Herlinde Koelbl’s book Targets covers an interesting topic: shooting targets used by world armies.

Over the course of six years, Koelbl traveled to 30 countries and took thousands of photographs of shooting targets used during military training. Seen as a series, the images are a fascinating and somewhat unsettling window into how militaries around the world use visuals to groom their soldiers for battle.

Roller hockey was actually an event in the Olympics, back in 1992:

In 1992, roller hockey made its Olympic debut as one of three demonstration sports at the Barcelona Games. For those in the roller hockey community — more accurately, for those involved with a version of the sport called rink hockey — the 1992 Olympics represent the biggest showcase the game’s ever known.

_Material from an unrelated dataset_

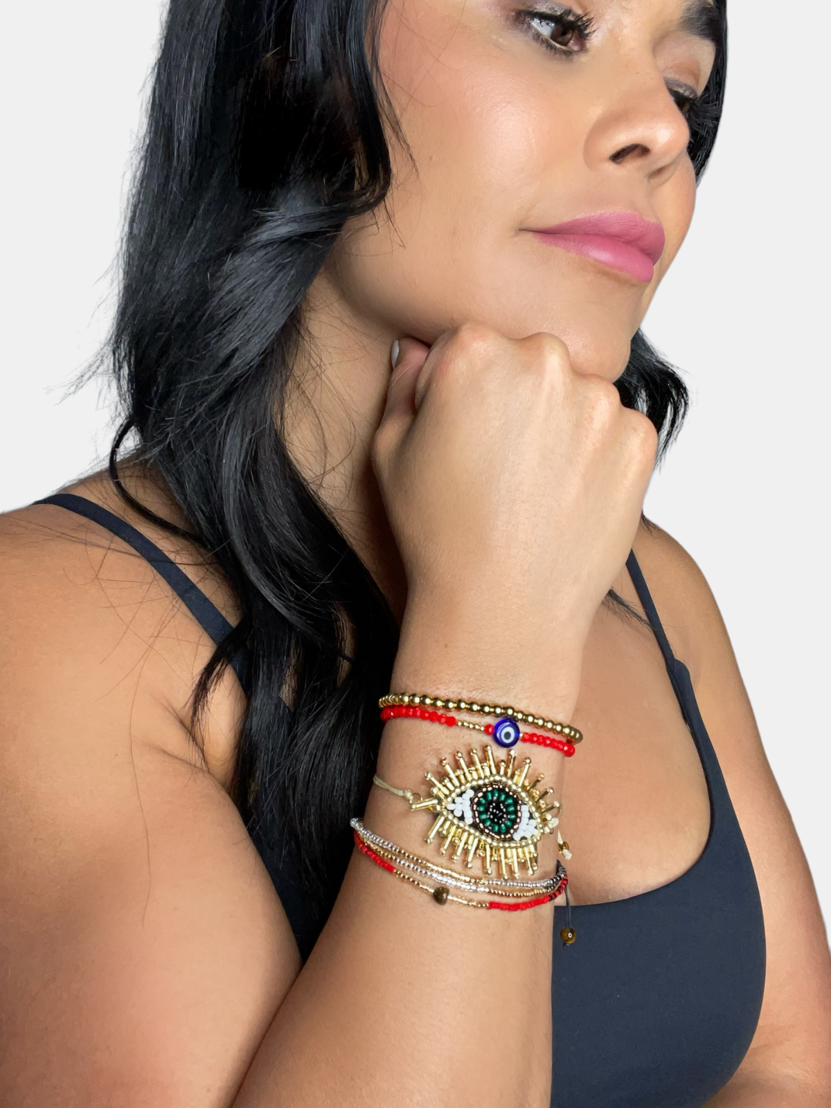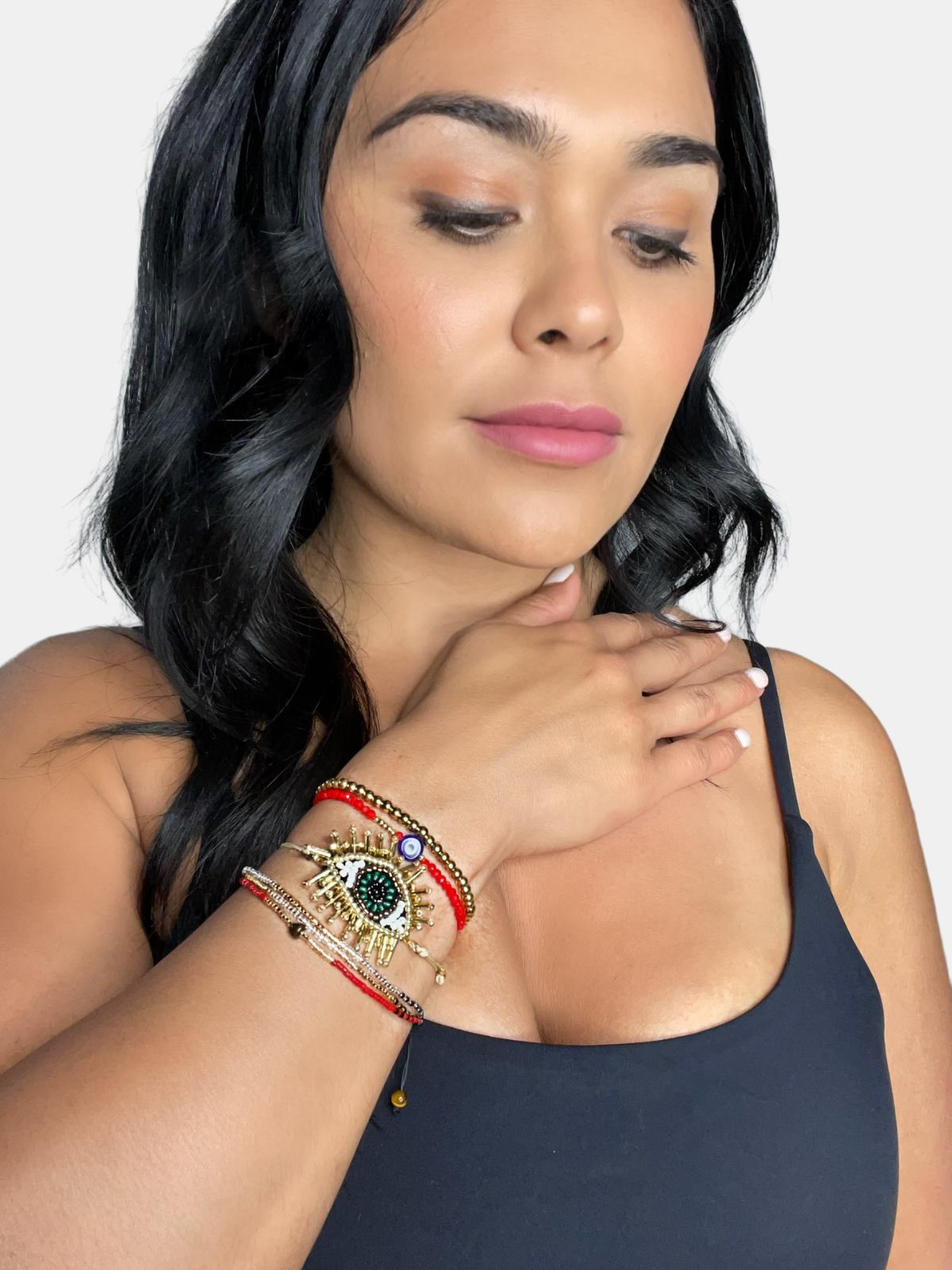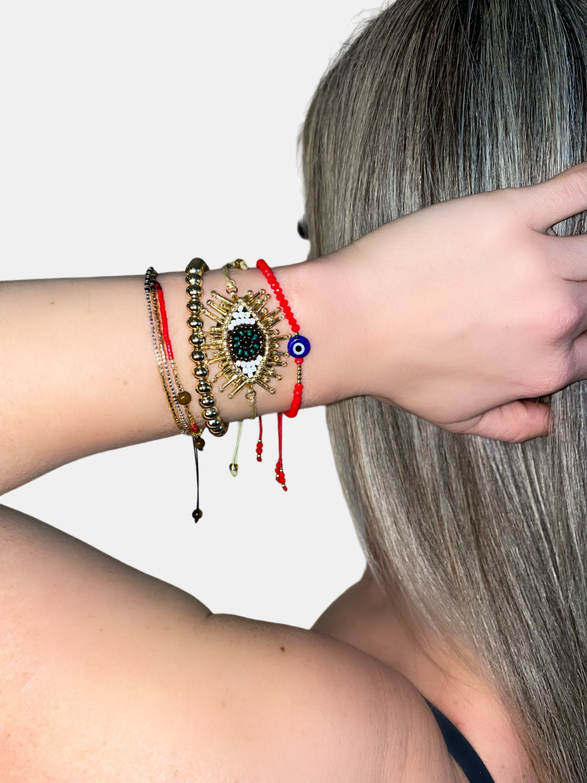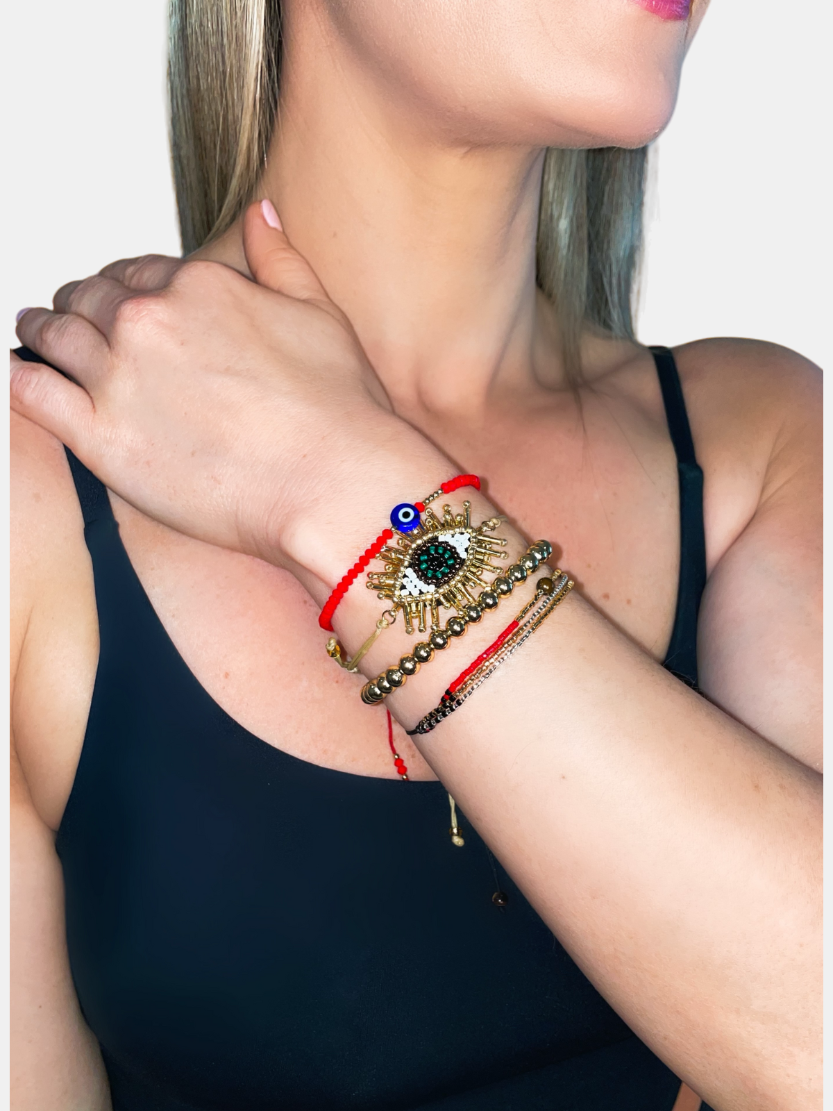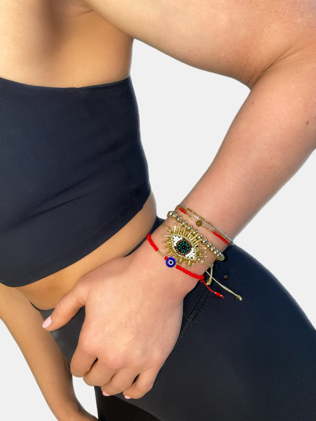 Rooted in cultural tradition, indigenous tribes adorned themselves with red bracelets, known as the "Ojo" or "evil eye" in Spanish, as a symbol of protection against negative energy. This bracelet set is inspired by fashion and steeped in cultural tradition; the Ojo is known to serve as a shield against bad energy. Crafted for durability and adjustability, each set comes with four fashionable bracelets that are both comfortable and fit both gym wear and everyday outfits.

But the years that followed were difficult, especially in the United States, where the sport struggled to catch on as funding began to dry up.

Yet another story how the you may be the object of Internet experiments:

The internet is one big experiment, and you’re part of it. Every day, millions of trials are manipulating what you see when you browse online, to find out how to keep your attention, make you click more links – and spend more money. And these experiments are often secret. You’ll probably never know you were part of them.

The Guardian gives some guidelines on how to write the perfect out-of-office email:

Summer is upon us, and with it a deluge of rain, kids on public transport, and out of office (OOO) replies. An out-of-office email is something you assume would be easy to write – you know precisely its purpose and what it needs to say. But, as with colleagues’ leaving cards and appraisal feedback forms, it’s often difficult to find the exact words.